Speaking of relationships in general, my limited education/experience leads me to mistrust such one-sided power/surrender in a relationship.   Not because I believe men and women are the same (I believe there are distinct roles), but because I see that one-sided relationship as half a step from a controlling, then abusive, relationship.

And either could look the same from the outside.

But for all that I still see couples for whom the “total dependance” model seems to be working for.  Whether or not that stems from elements missing from her childhood could be irrelevant.  After all, “compatible neuroses” seems to be an utterly sufficient alternative to two “healthy” people when looking at the levels of peace and happiness in a marriage.

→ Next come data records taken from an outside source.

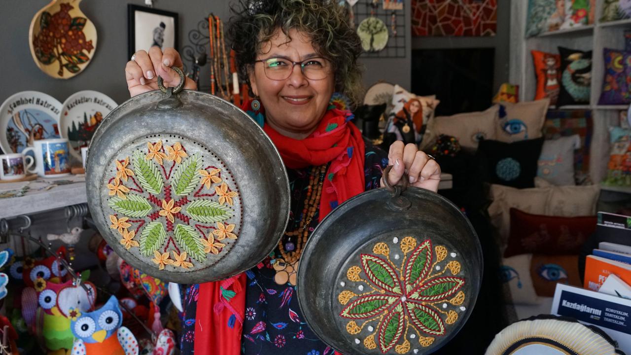 Eski bakır süzgeçleri motiflerle işleyip sanat eserine dönüştürüyor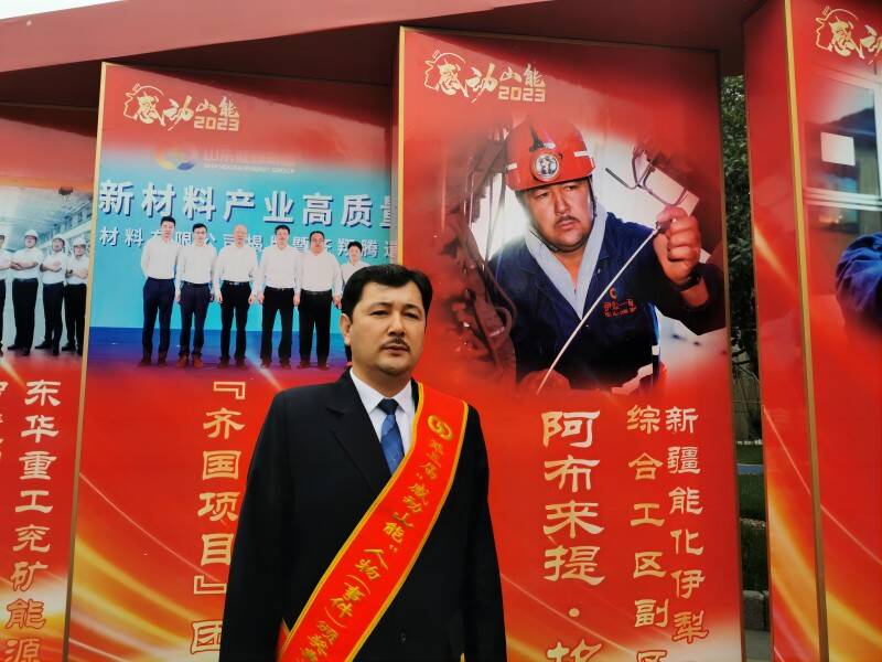 (阿布来提·坎捷在第三届“感动山能”人物颁奖典礼现场)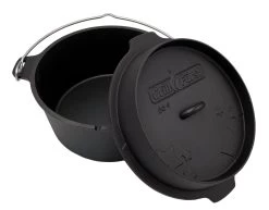 Der massive Gusseisentopf besitzt einen flachen Boden, damit er platzsparend und komfortabel direkt auf dem Grillrost oder dem Herd platziert werden kann. Der Dutch Oven ist dennoch universell einsetzbar und lässt sich selbstverständlich bei Bedarf auch traditionell mit Briketts oder in der Feuerstelle anheizen.
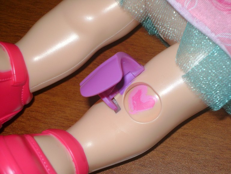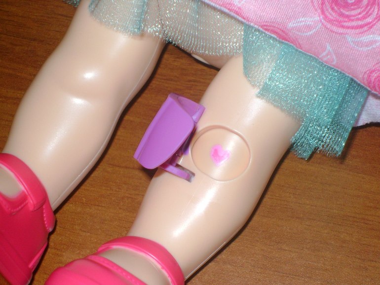 Под лейкопластырем на ножке у куклы появилась ранка в форме сердечка-мажем волшебной мазью и ранка уменьшается "на глазах" и исчезает)Куклу можно поить водой и она будет писать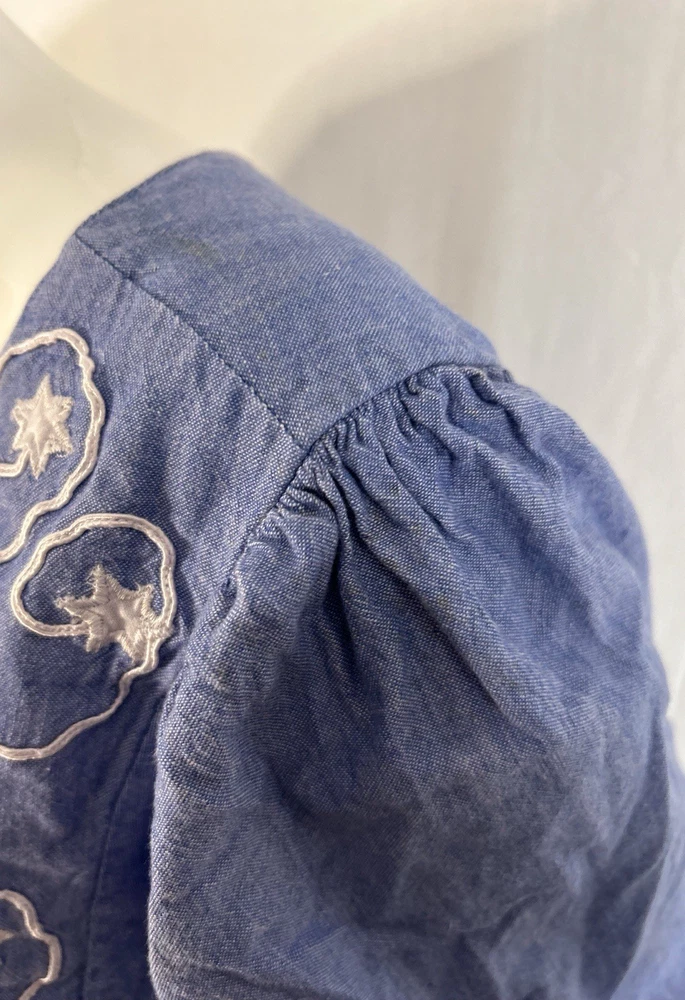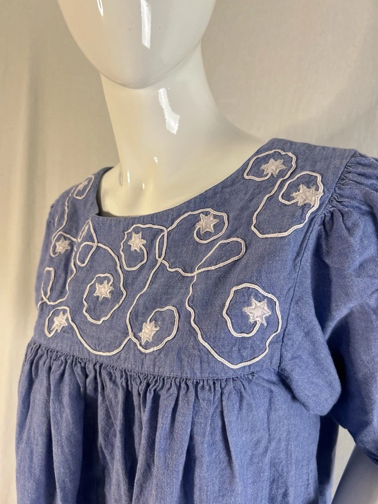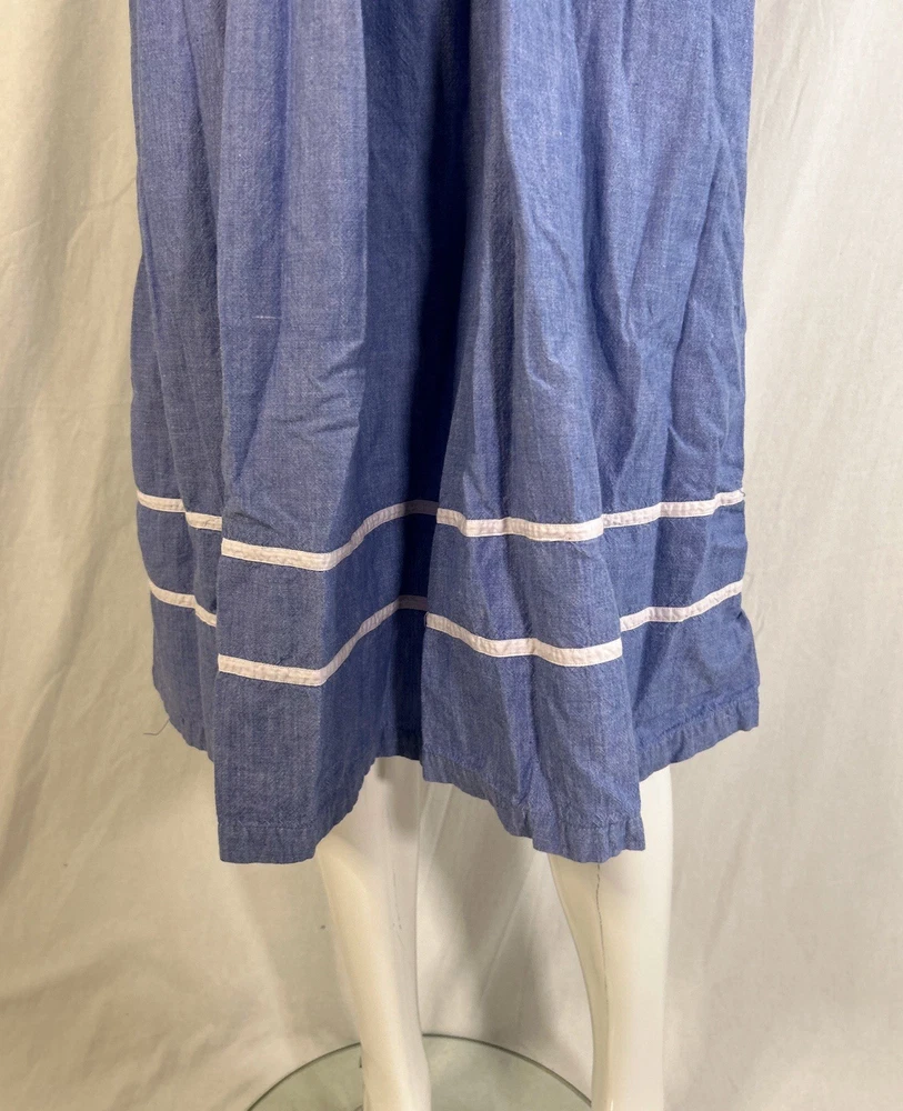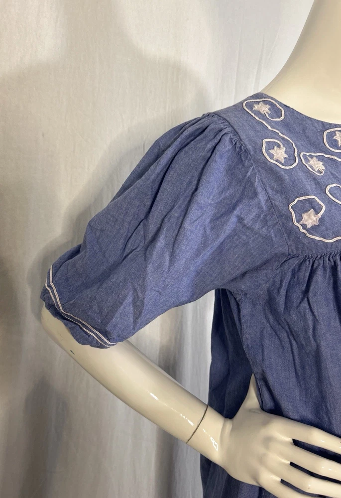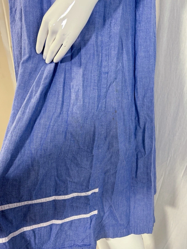 This item is in GOOD Condition!!! (This item has some distressing/loose strings here and there, as well as staining on one of the shoulders, and on one of the sides (they can be hard to see, but it’s a bunch of brown dots due to it being stored improperly). Other than that, this item is in GREAT condition! See pictures | MEASUREMENTS IN PHOTOS.) This vintage women's dress from Sea Wind is perfect for any occasion. With a round neckline and short sleeves, it's a flowing maxi dress that's easy to wear and care for. The dress features pleated accents, nature-inspired elements, and floral embroidery, making it a great addition to any wardrobe. Made from cotton and chambray fabric, this dress is perfect for all seasons, whether you're going to a wedding, holy communion, party, or even workwear. The dress is available in size S and is suitable for regular size types. The dress is machine washable and has a pullover closure. It's a great dress for those who love quality, flowing, and cozy clothes.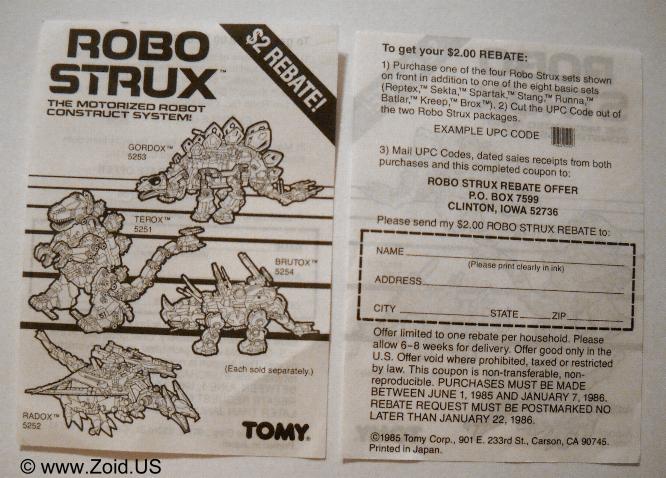 The Robo Strux line was distributed in the US by the Tomy Corp. located at 901 E 233rd Street with P.O. Box 6252 in Carson California, 90749. On August 21 back in 1977 the Tomy Corporation, a subsidiary of Tomy Kogyo of Japan signed a 20 year lease for a 24,00 square foot plant in Carson California. It was at this location (Not the current Santa Ana headquarters) that US based collectors were first graced with the Robostrux line. Aside from toy stores running their own Robostrux promotions, there was a factory rebate offered. Oddly enough the address to claim mail away rebate was located in Iowa. To obtain the $2.00 rebate one had to purchase one large battery powered Zoid and one small wind up powered Zoid from the first wave of release.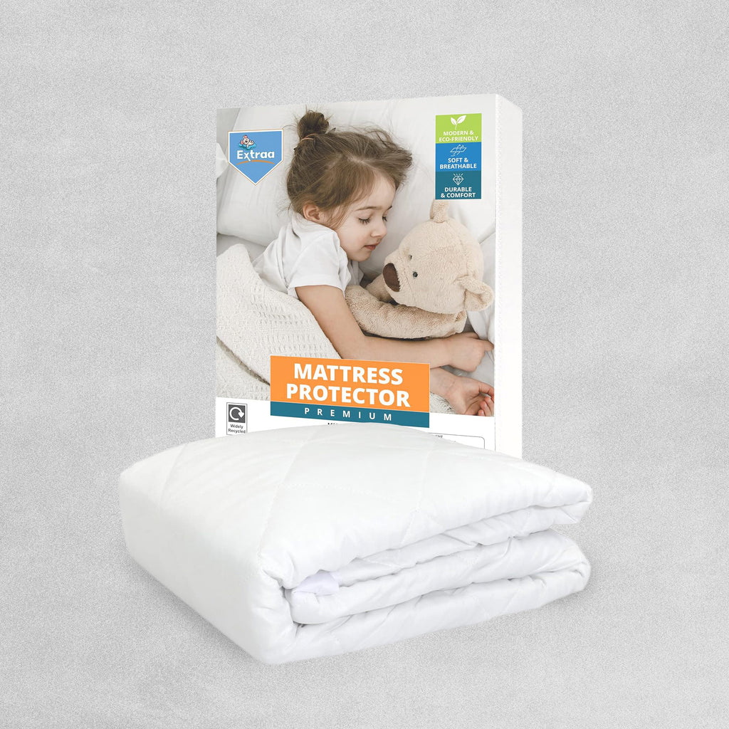 The Extraa Mattress Protector provides you with a heavenly sleeping experience. It protects you from dust mites, allergens and bed bugs, as well as being noise free to ensure that you have a silent nights sleep.
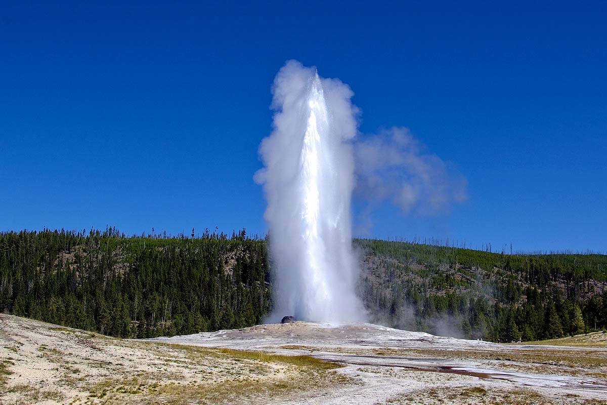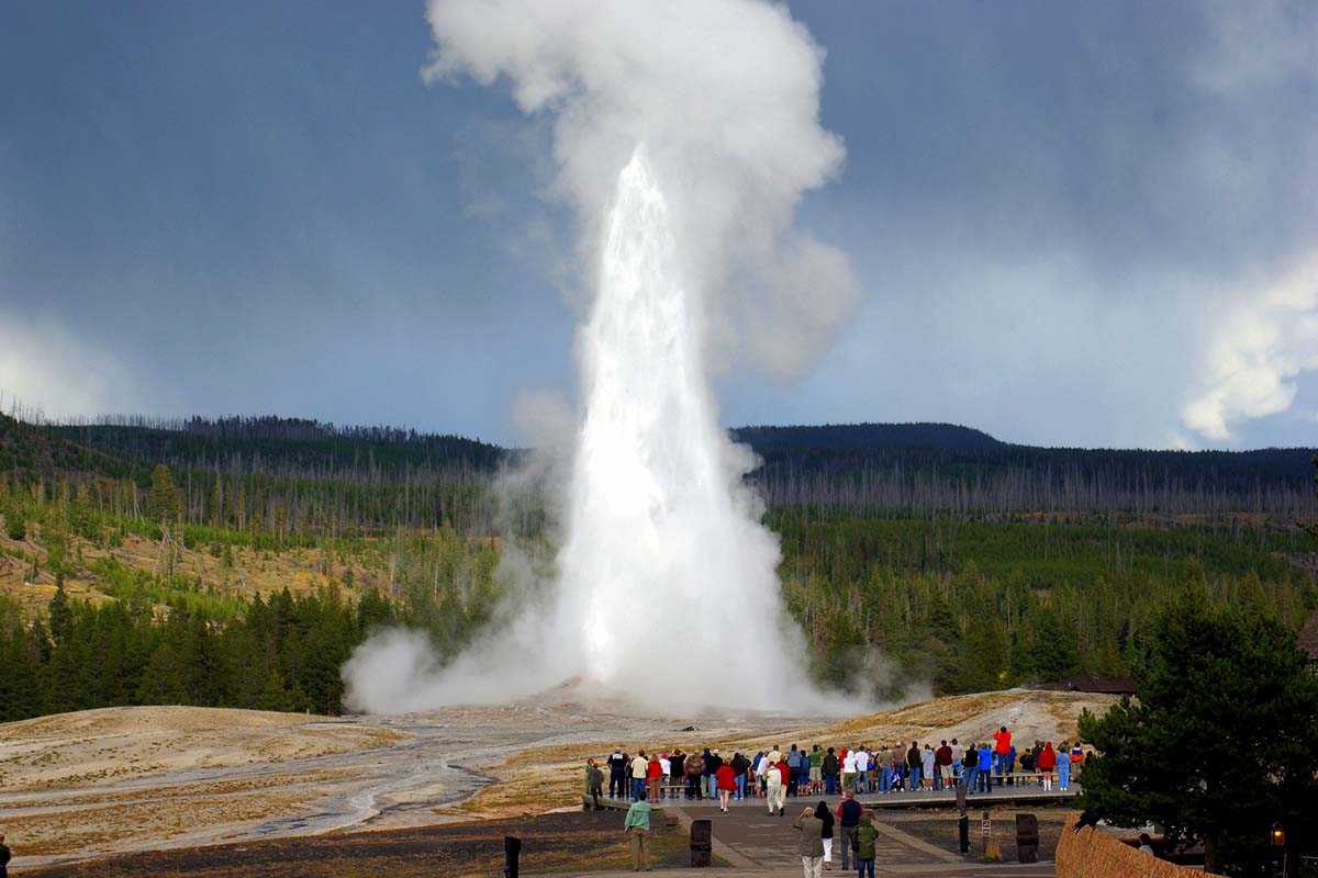 不讓遊客失望,規律噴發的老忠實間歇泉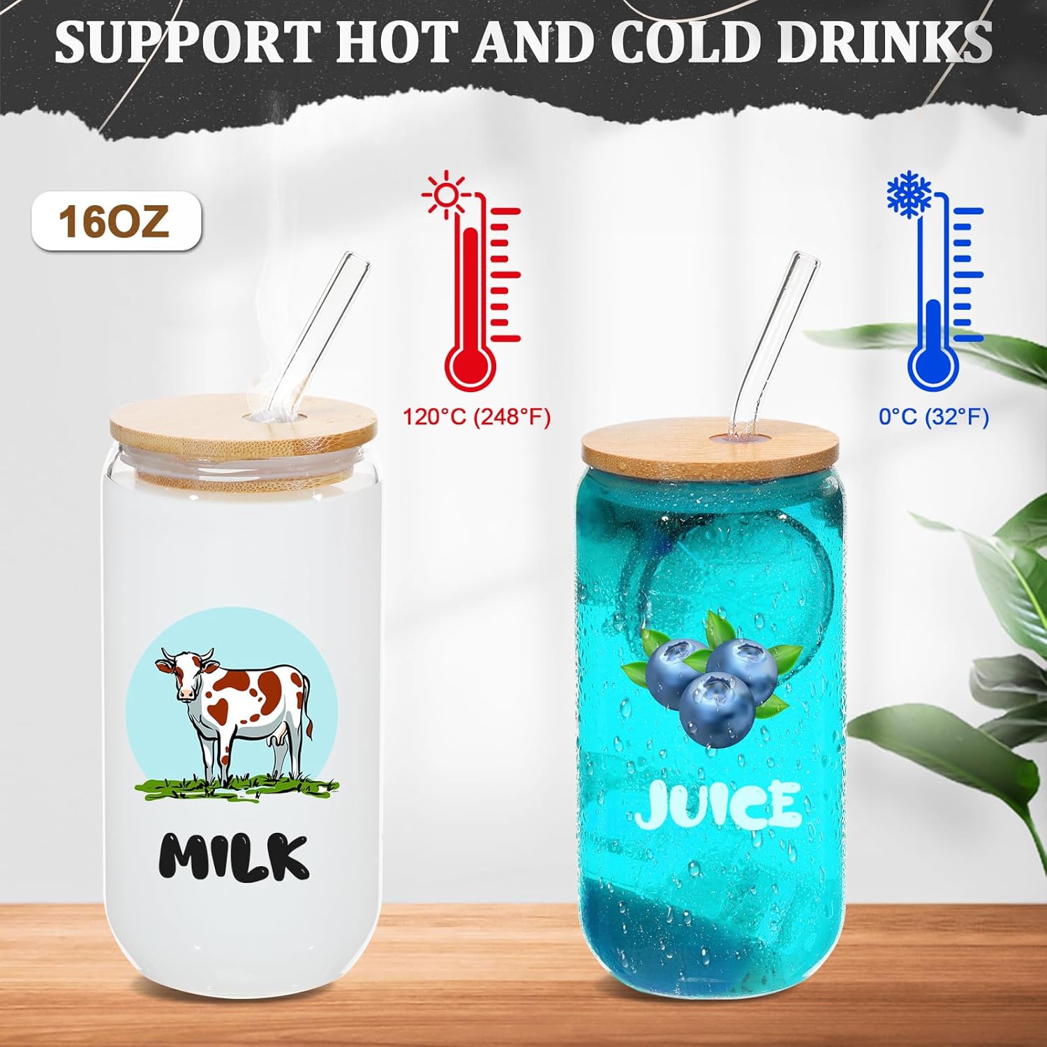 Features: Our gift box comes with clear windows, which allow you see clearly what is inside, can make your warping more eye catching and charming. The 16 oz glass sublimation cup with lid and straw allows you to DIY as you like, and it can be chosen as a gift for your father, mother, wife, partners, coworkers and more, they will be happy to get the sweet gift. Specifications: Main material: glass Color: as shown Size: (about) Tumbler: 16 oz in capacity Box: 3.08 x 3.08 x 6.38 inch Ribbon: 1.18 x 35.43 inches/ 3 x 90 cm Package includes: 12 x Sublimation cups blank with bamboo lid, straw and straw brush 12 x Silicone base 12 x Clear window gift box 12 x Ribbons Notes: Manual measurement, please allow slight errors on size. The color may exist a slight difference due to different screen displays. Winding risk may exist, please keep our product away from children.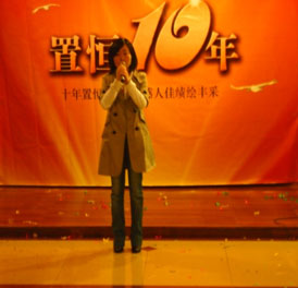 2010年11月20日下午,氣球高懸、彩帶飄舞,幸福熱情洋溢在每一個置恒人的臉上,此時此刻,度假村主會場已成為置恒人歡樂的海洋。在象征著置恒十年的10聲洪亮清脆的鐘聲后,以“回顧、感恩、展望”為主線的“置恒十周年慶典活動”正式開始。慶典活動以手語表演《感恩的心》拉開帷幕,讓我們一起感受置恒十年輝煌、十年榮耀。

While searching for a suitable fairytale to read at a party for a 6-year-old

With three 4-year-olds from other households present I’ve been feeling touchy about what to do for our read-aloud.

“What about Snow White?” asked one of the girls, holding up the story illustrated by Trina Schart Hyman.

Now, I happen to think this is a very smart book.  It allows the girl to be 7  when she’s driven away, but shows her growing old enough to marry by the time the prince finds her.  Very clever illustrations.  But the story is true to the Grimm original, with the asking for the heart to eat, and dancing to death in hot iron shoes.

I read around those parts in the beginning, and actually haven’t read it for some time now, since Natasha is able to read along with me.

“I think it might be too scary for some of the younger kids,” I said dismissively.

“But it has a good ending!” Melody protested.